Data shown
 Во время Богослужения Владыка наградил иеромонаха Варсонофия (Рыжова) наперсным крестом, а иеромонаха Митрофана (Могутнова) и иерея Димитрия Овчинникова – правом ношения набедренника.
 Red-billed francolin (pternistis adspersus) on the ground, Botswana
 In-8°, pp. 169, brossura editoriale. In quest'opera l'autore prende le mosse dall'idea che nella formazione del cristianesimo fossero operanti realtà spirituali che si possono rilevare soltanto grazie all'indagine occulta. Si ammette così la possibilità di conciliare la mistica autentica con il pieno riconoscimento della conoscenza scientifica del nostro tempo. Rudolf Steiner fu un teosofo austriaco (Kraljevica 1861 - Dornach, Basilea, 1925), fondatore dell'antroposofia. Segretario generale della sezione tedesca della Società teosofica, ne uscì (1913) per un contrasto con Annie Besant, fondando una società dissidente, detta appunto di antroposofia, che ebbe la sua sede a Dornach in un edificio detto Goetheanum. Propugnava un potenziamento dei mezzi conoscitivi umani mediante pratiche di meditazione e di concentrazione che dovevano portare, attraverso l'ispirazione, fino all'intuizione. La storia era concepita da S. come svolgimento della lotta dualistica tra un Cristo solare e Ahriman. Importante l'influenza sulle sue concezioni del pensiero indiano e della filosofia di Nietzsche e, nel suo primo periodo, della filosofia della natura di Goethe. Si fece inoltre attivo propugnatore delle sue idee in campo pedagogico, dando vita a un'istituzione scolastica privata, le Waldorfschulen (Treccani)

---

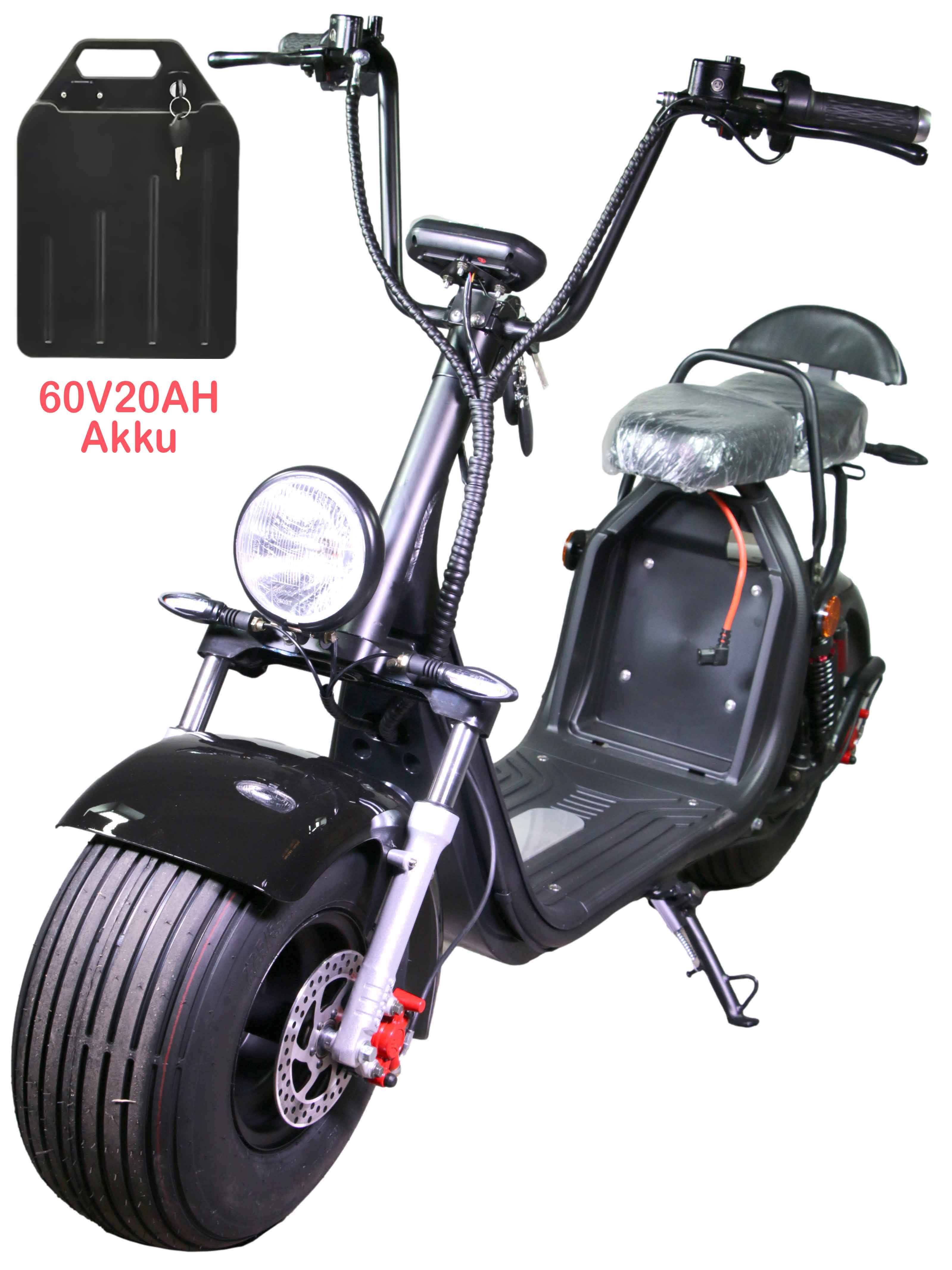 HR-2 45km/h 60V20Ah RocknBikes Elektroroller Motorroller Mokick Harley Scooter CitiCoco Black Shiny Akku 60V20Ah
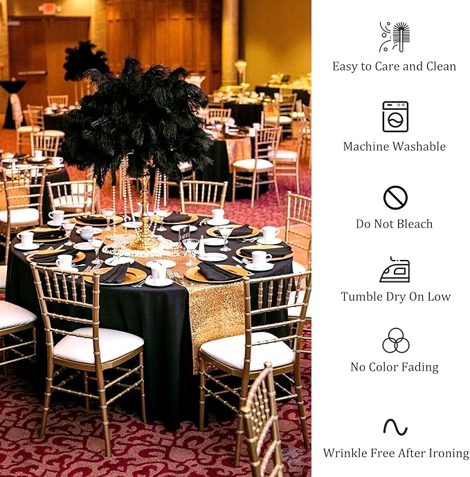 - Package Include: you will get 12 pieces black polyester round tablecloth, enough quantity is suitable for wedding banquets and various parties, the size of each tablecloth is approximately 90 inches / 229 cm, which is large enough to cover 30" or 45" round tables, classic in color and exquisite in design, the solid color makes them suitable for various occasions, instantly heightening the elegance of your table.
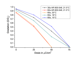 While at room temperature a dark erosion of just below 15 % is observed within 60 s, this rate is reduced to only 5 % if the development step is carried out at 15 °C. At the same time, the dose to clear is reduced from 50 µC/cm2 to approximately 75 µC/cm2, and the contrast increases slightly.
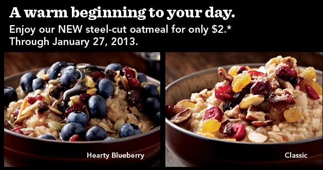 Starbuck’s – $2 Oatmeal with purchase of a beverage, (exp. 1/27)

--

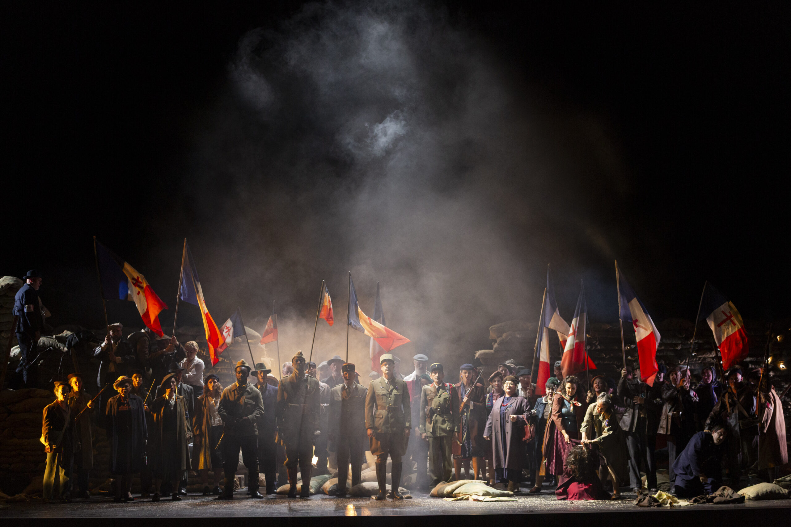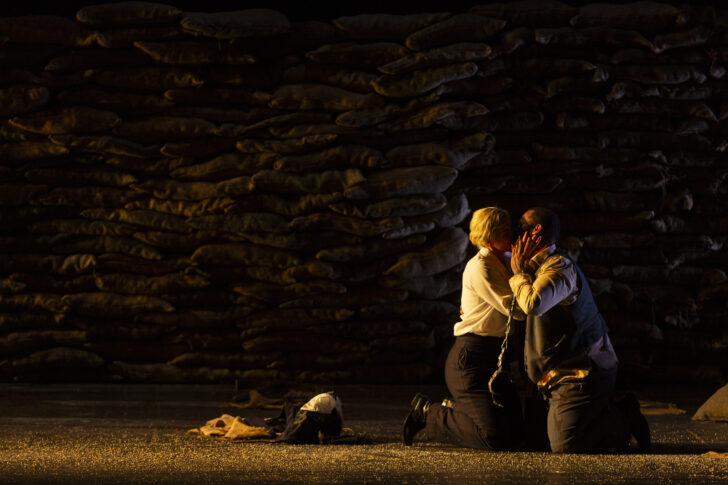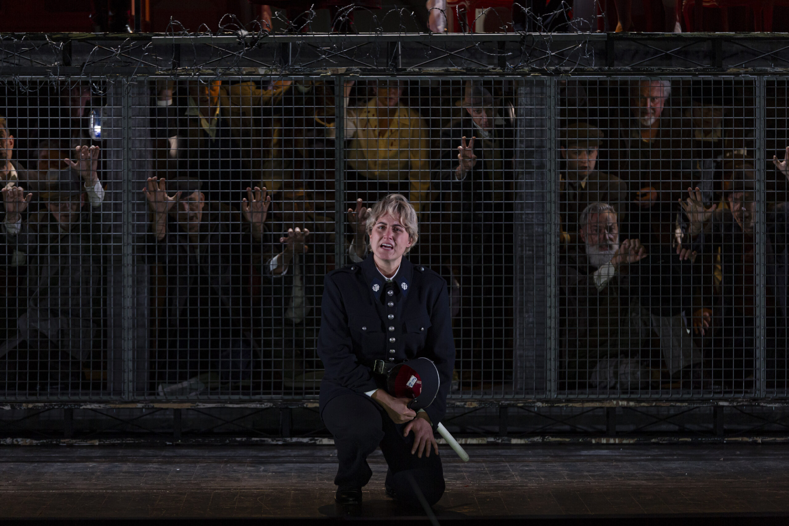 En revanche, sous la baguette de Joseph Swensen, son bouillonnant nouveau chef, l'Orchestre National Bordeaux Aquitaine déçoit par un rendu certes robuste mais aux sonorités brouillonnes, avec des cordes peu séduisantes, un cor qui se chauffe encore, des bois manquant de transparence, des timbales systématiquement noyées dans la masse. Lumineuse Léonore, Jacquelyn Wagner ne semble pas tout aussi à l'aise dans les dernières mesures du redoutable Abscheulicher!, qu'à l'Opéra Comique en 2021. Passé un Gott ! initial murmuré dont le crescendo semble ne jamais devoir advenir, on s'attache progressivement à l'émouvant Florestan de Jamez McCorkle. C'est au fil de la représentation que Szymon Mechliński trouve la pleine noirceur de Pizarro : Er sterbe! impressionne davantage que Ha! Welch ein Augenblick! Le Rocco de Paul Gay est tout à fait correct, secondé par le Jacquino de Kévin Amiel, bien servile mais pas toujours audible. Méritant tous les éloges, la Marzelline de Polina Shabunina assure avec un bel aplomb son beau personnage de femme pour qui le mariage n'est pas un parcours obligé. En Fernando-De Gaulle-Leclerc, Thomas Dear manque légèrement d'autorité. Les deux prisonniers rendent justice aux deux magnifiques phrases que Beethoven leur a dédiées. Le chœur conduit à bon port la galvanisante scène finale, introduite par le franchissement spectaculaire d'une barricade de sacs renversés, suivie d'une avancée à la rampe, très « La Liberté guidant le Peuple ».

Work order
Nothing except the lines from the one containing "While at room" through the one containing "Starbuck’s – $2" should appear in the answer, exactly as above and without pictures.

Solution for this task
 While at room temperature a dark erosion of just below 15 % is observed within 60 s, this rate is reduced to only 5 % if the development step is carried out at 15 °C. At the same time, the dose to clear is reduced from 50 µC/cm2 to approximately 75 µC/cm2, and the contrast increases slightly.
 Starbuck’s – $2 Oatmeal with purchase of a beverage, (exp. 1/27)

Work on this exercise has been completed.